Yin Yang and FMB
“Why didn’t you use yin and yang rather than the terms feminineand masculine in your book?” people ask me, particularly those wedded to the feminine being synonymous with women and masculine synonymous with men.
My answer is that if I had used the terms yin and yang, not only are they foreign terms and people get confused with which is which, but we are not addressing that very issue of people using the term the feminine synonymously with women and masculine with men. This masculine-dominated thinking is so deeply entrenched in us that it is quite a stretch for us to think otherwise. In other words, if I had used the terms yin and yang, we would not so easily see the importance of having both attributes within us all and this leads to us realising that women and men are different, not opposites.
To clarify, masculine and feminine energies, or principles, have been recognised for eons and the terms yin (feminine) and yang (masculine) are concepts used within Taoism. They are considered to be two halves of a whole/two sides of a coin. As you can see in the image, the yin and yang in the symbol are fused in a circle with a bit of each in the other.

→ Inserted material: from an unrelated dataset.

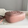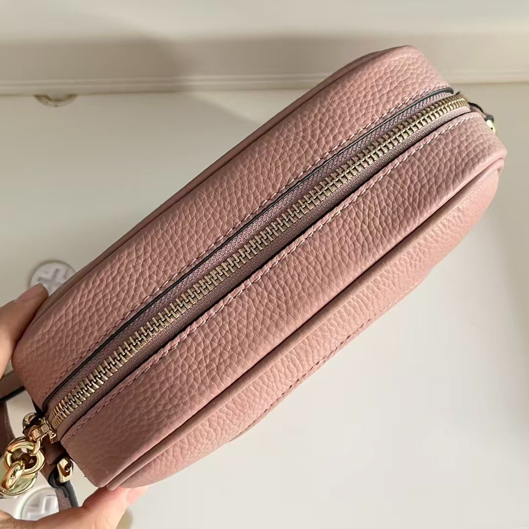 The Gucci Soho Small Disco Bag in pink is the perfect blend of minimalist style and Italian luxury, expertly crafted from premium grained leather featuring the iconic embossed interlocking GG logo. This bag offers ideal storage for your daily essentials and is accented by a stylish leather tassel on the zipper pull. The adjustable shoulder strap provides versatile carrying options, allowing you to effortlessly transition from a dynamic crossbody to an elegant shoulder look.

As with yin and yang, I think it is also important to look at feminine and masculine as two parts of a whole/two sides of a coin that need to be in balance, rather than the feminine and masculine being separate.
Once we understand that people, regardless of gender have feminine and masculine energies within them in different proportions, this can help bridge the gap between women, men and those of other gender identities. It also gives people permission to express themselves in a variety of ways that are misunderstood by those entrenched in the Masculine-Dominated Society (M-DS).